- Goal of the exercise
Copy each entry precisely as written, and do not carry over the pictures.

[Saved entries]

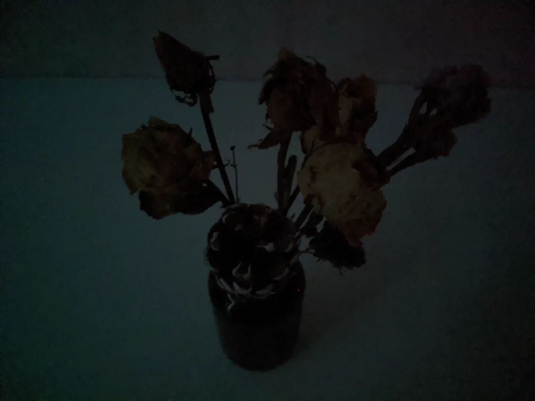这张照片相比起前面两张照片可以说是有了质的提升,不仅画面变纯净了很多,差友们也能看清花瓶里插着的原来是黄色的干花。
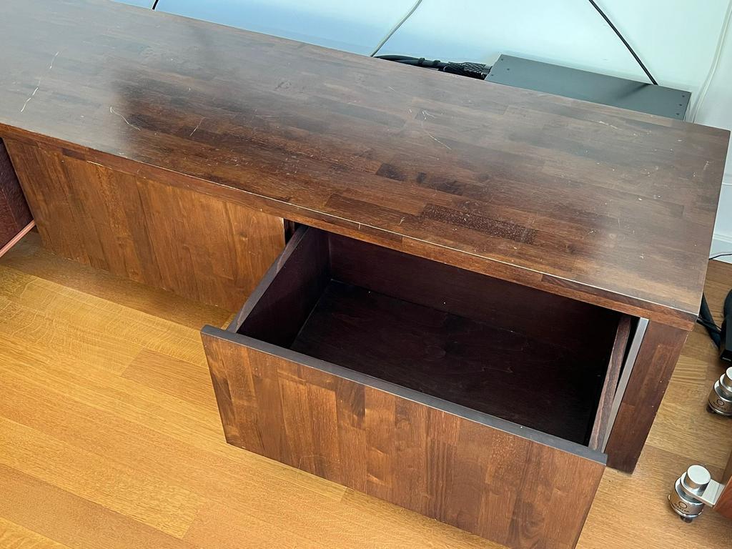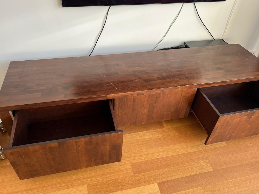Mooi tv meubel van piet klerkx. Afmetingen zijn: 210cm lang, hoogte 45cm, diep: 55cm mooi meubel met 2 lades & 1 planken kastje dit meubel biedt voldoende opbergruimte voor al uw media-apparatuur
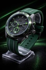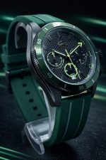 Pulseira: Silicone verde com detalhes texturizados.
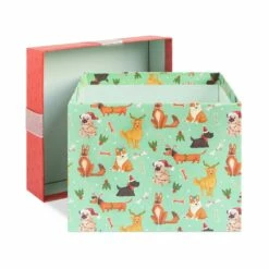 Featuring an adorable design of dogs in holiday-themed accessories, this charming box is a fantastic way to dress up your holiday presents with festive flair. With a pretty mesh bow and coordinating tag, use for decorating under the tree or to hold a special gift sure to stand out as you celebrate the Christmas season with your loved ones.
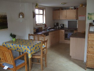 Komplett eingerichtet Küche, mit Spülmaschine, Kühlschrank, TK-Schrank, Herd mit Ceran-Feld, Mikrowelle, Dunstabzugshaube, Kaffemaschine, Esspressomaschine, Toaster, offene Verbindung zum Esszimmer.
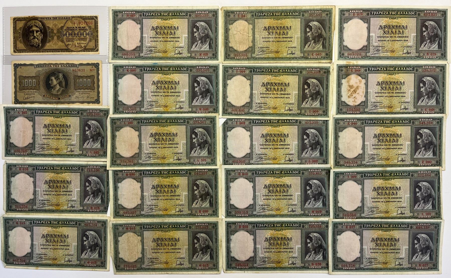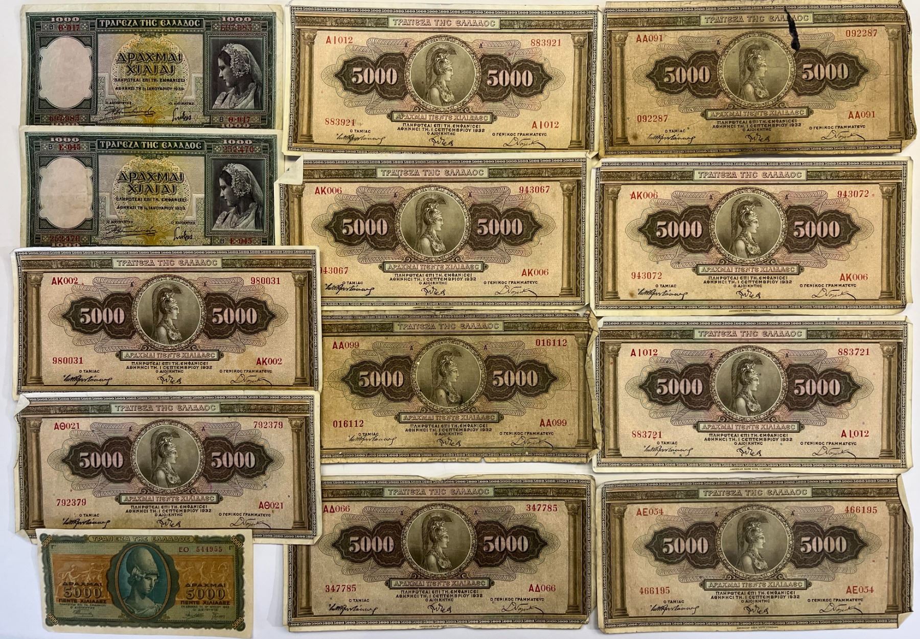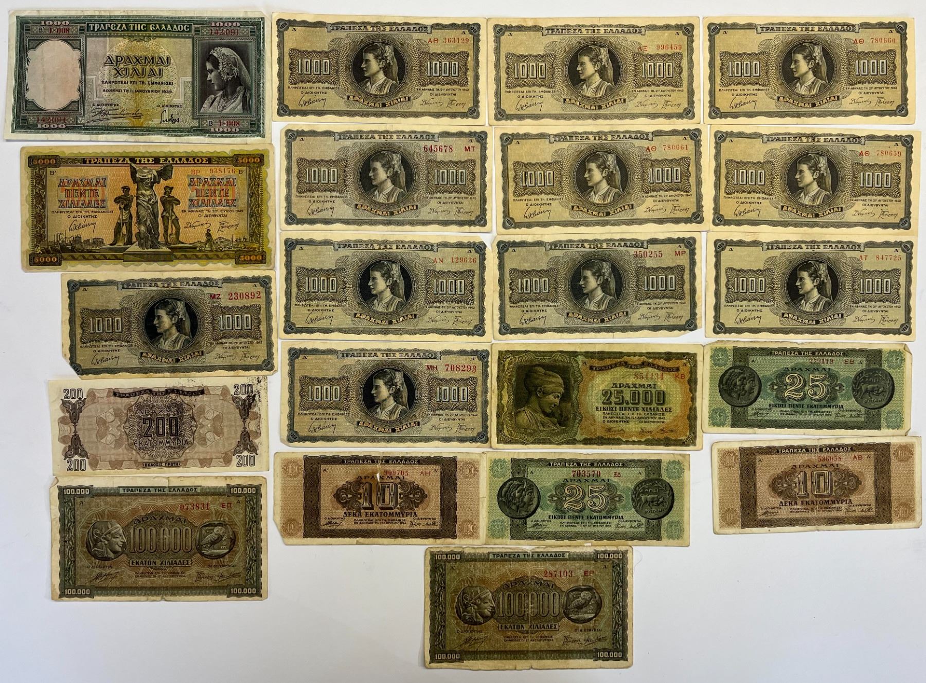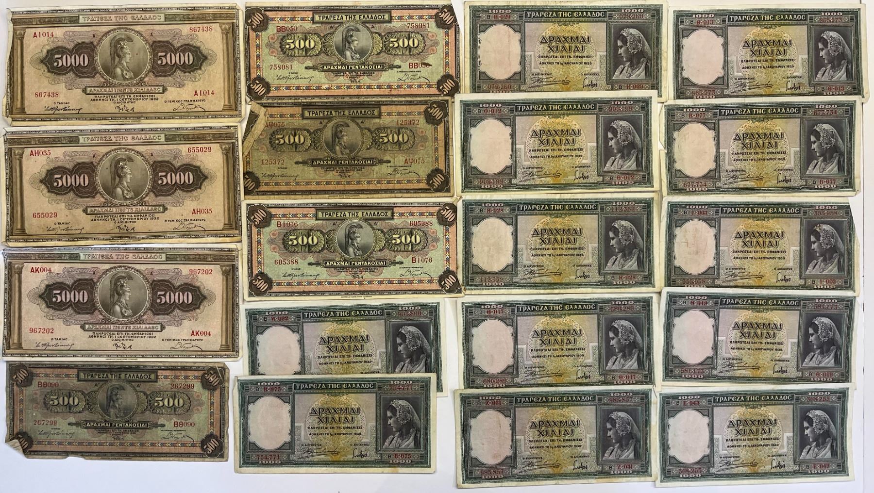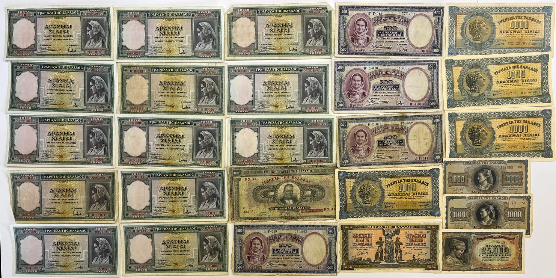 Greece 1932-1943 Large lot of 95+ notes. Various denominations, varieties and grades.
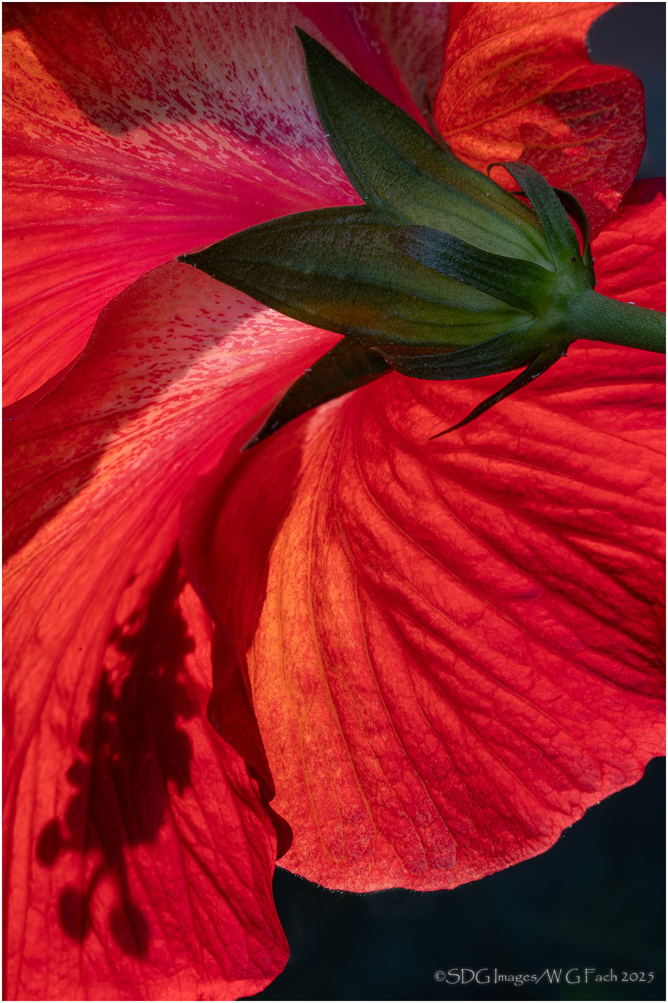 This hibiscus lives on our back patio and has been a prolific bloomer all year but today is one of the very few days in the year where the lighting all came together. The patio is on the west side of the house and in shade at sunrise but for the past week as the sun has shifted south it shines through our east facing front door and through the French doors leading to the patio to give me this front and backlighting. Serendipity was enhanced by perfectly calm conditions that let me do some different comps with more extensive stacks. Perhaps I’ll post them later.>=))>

- Answer space
这张照片相比起前面两张照片可以说是有了质的提升,不仅画面变纯净了很多,差友们也能看清花瓶里插着的原来是黄色的干花。
Mooi tv meubel van piet klerkx. Afmetingen zijn: 210cm lang, hoogte 45cm, diep: 55cm mooi meubel met 2 lades & 1 planken kastje dit meubel biedt voldoende opbergruimte voor al uw media-apparatuur
 Pulseira: Silicone verde com detalhes texturizados.
 Featuring an adorable design of dogs in holiday-themed accessories, this charming box is a fantastic way to dress up your holiday presents with festive flair. With a pretty mesh bow and coordinating tag, use for decorating under the tree or to hold a special gift sure to stand out as you celebrate the Christmas season with your loved ones.
 Komplett eingerichtet Küche, mit Spülmaschine, Kühlschrank, TK-Schrank, Herd mit Ceran-Feld, Mikrowelle, Dunstabzugshaube, Kaffemaschine, Esspressomaschine, Toaster, offene Verbindung zum Esszimmer.
 Greece 1932-1943 Large lot of 95+ notes. Various denominations, varieties and grades.
 This hibiscus lives on our back patio and has been a prolific bloomer all year but today is one of the very few days in the year where the lighting all came together. The patio is on the west side of the house and in shade at sunrise but for the past week as the sun has shifted south it shines through our east facing front door and through the French doors leading to the patio to give me this front and backlighting. Serendipity was enhanced by perfectly calm conditions that let me do some different comps with more extensive stacks. Perhaps I’ll post them later.>=))>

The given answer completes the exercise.